Why does conformity and size trump performance and vision when it comes to CCGs?
Chair of the now-disbarred Red House CCG, Kenneth Spooner laments the loss of the UK's last small clinical commissioning group.
It turns out that size does matter. Farewell to a battling minnow: the country's smallest commissioning group - the single practice based Red House CCG - is barred from progress due to new Government legislation.
Now this might seem a little strange when viewed from the early days of the NHS reforms when Andrew Lansley was trumpeting the fact that his new plans would ensure that GPs and their patients would influence the way the NHS delivered for them. He promised we would be able to make changes that would improve the experience for all.
‘No decision about me without me' was the soundbite, but unless David Nicholson is going to attend our local patients group meeting that phrase sounds as hollow as a chocolate Easter egg. His view of a bottom up approach to health care gone exactly that - bottom up.
Now the news may be as sad as the demise of Rutland CCG but in all honesty will it mean anything to general practitioners other than the ending of a rather cute anachronism?
I hope so. In representing the opening ideals of the reforms, Red House CCG set to achieve their aims and reconfigure services to meet the needs of the patient body that they serve - not through endless meetings where the vested interests of some meet the intransigence of others, but by rapid consensual application of common interests.
In the year and a bit we have been working as a CCG we have
· Protected our patients from discriminatory blocks to secondary care service
· Brought the hospital based audiology service in house so patients can now get hearing tests, hearing aids and follow-up tailored to suit their needs.
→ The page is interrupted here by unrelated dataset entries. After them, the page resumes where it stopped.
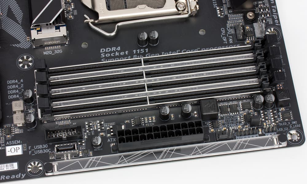 Для установки модулей памяти на плате Z370 Aorus Ultra Gaming 2.0-OP предусмотрено четыре DIMM-слота. Плата поддерживает небуферизованную память DDR4 (non-EСС), а максимальный объем памяти составляет 64 ГБ (при использовании модулей емкостью по 16 ГБ).
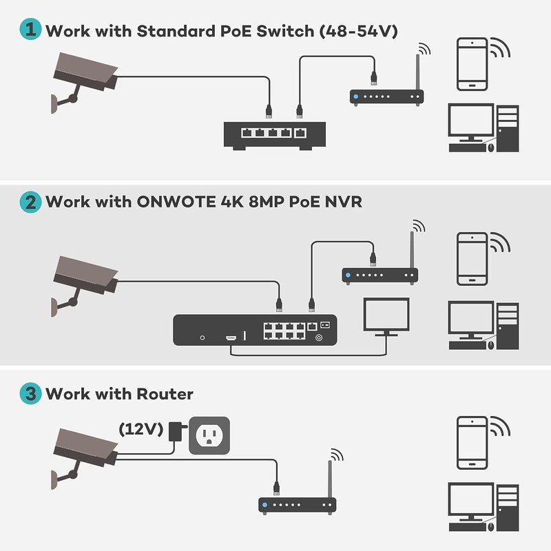 - 【Multiple Working Solutions】Work with ONWOTE 5MP PoE NVR, and can be added; Work with Standard PoE Switch with 48V-54V power supply.
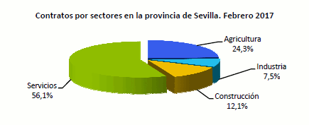 En Febrero de 2017, el paro registrado ha descendido en un 9,56% respecto al mismo mes del año anterior. Los contratos realizados en este mes aumentan un 0,37% en términos interanuales
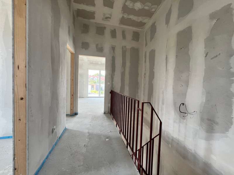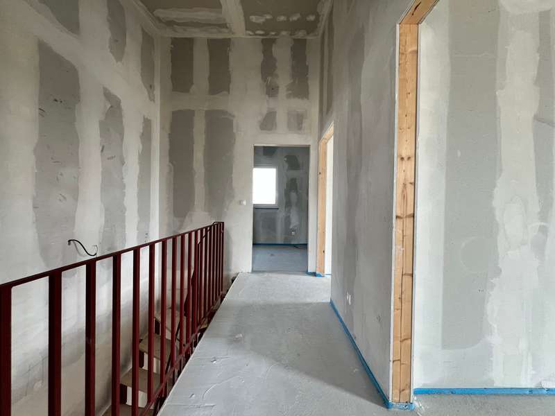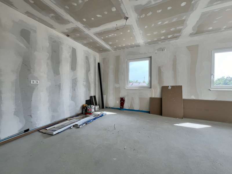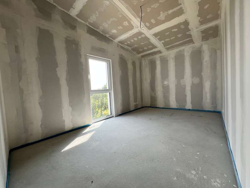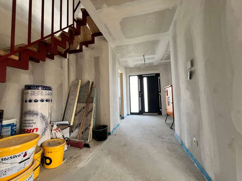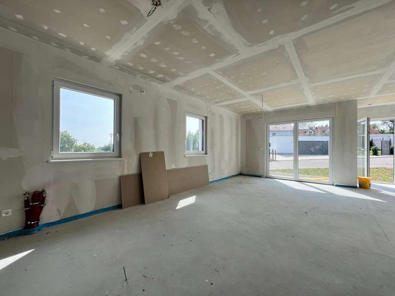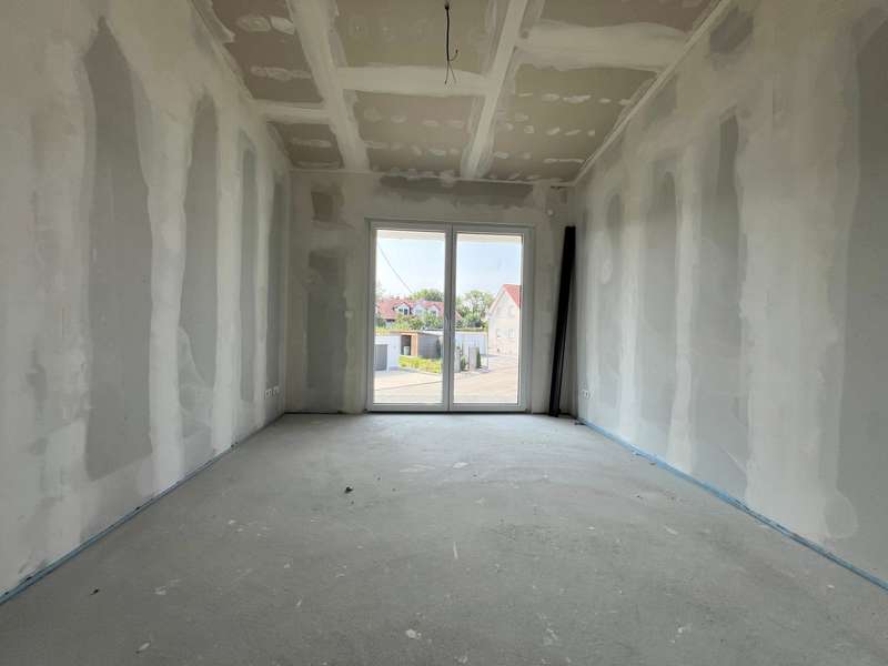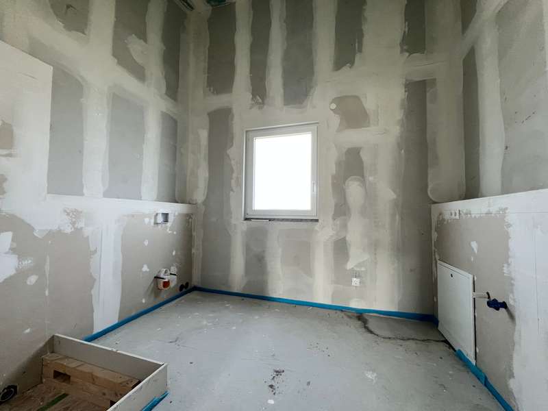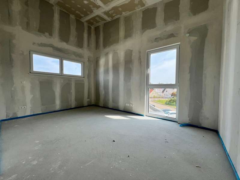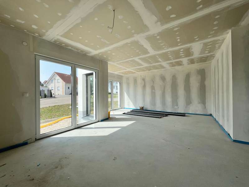 Realize a semi-detached house individually according to your own wishes - Individual design freedom This prefabricated house offers you the perfect opportunity to design your new home entirely according to your own ideas. Decide on floor coverings, wall colors, tiles and sanitary facilities yourself. Thanks to the flexible planning and the self-build option, you can realize your personal wishes and preferences and finish the house entirely to your taste. The house already has high-quality basic fittings, such as the energy-efficient timber frame construction, a modern air-to-water heat pump and pre-installed underfloor heating in all rooms. This means that the basic structure is perfectly prepared for you to proceed with your extension quickly and efficiently. The room layout has already been determined and offers you an excellent basis. The spacious living and dining area with floor-to-ceiling windows creates a bright and inviting atmosphere. The terrace gives you direct access to the south-facing garden, which offers plenty of sun and light. The modern, open-plan layout includes a kitchen and two bathrooms, which you can equip according to your personal wishes and ideas. Here you have the freedom to plan your dream kitchen and select high-quality bathroom furniture and fittings to suit your style. The walls and ceilings are ready for your individual painting work in their current state. Whether classic or modern - you can design the interiors entirely according to your ideas. You are also completely free to choose the floor coverings - from parquet flooring to tiles and modern designer flooring. The existing parking spaces offer room for two vehicles. Outside, the terrace and garden area with lawn are already finished and you can design everything else as you wish. The house is located in a quiet, family-friendly residential area. Schools, kindergartens, shopping facilities and leisure activities are in the immediate vicinity, making the location particularly attractive for families. Advantages of a prefabricated house: This prefabricated house offers you the flexibility and freedom to customize your new home. Take advantage of the opportunity to choose the materials, colors and fittings yourself and create your own personal dream home. At the same time, you can manage your budget efficiently by making your own contributions and choosing the fittings.

· Enhanced primary care dermatology
· Set up new mental health services, focussing on medically unexplained symptoms
· Created and commissioned a in-practice new allergy service.
The fact that these can be identified in conjunction with our patient representative, designed commissioned and set up within a year demonstrates the flexibility that small groups offer.
The temptation for all commissioners is to start with grand redesigns of major heath care issues. These end up being mired in complexity and are often so detailed that it is impossible to measure the outcome of the new and putatively more economical way of doing things. Starting small and sensitive allows a feeling of what actually works (and saves money) to be gathered and to build on these achievement.
For example, at present we have a diabetes reconfiguration bid waiting for PCT approval. It took one doctor's hard work with innovative thinking three months to get the whole scheme laid out with links to both hospital and community service. A previous scheme took nearly 3 years and still has not delivered any benefits to our practice.
The key to all of this process is consensual commitment. At a time when the ability of CCGs to consult and reflect their constituent practices varies, and when dissent with decisions may be ignored this is indeed a golden key. The desire to change and the motivation to engage with change constructively and productively is something that we have demonstrated is vital to success.
Clearly, there are very successful commissioning groups run but very competent and engaging managers and they will hold the hopes of both Government and GPs as they set about the tasks mandated to them by the NHS Act.
For us, as a small and soon-to-be disbarred commissioning group, the future will involve trying to ensure that our achievements develop and realise their true potential.
This will offer mutual benefit:
· As a locality we can maintain our cohesive approach and continue to develop innovative ways of delivering services in more efficient and economical ways
· We can offer savings of time and money to a commissioning group within which we sit
· We can be the perfect structure in which to pilot new ideas and models before rolling out through the whole CCG
· We, in turn, can benefit from the autonomy that preserving a locality status will confer.
At the risk of ending on a note of cynicism I cannot help but observe local history and how for the last 20 years Hertfordshire has split and amalgamated back to a united Hertfordshire again. Now we have two CCGs, a West and an East; I wonder how long before the CCGs merge again.
The last fading phase of the Red House CCG will witness the gravitational accumulation of power to the central black hole and the endless cycle of NHS reorganisation hit just another bureaucratic barrier, whilst we reflect on what could have been and should still be.
Given our record of success, why cannot the Department of Health and the NHS Commissioning Board make an exception and let us survive? Why does conformity and size, rather than performance and vision, matter so much in the NHS?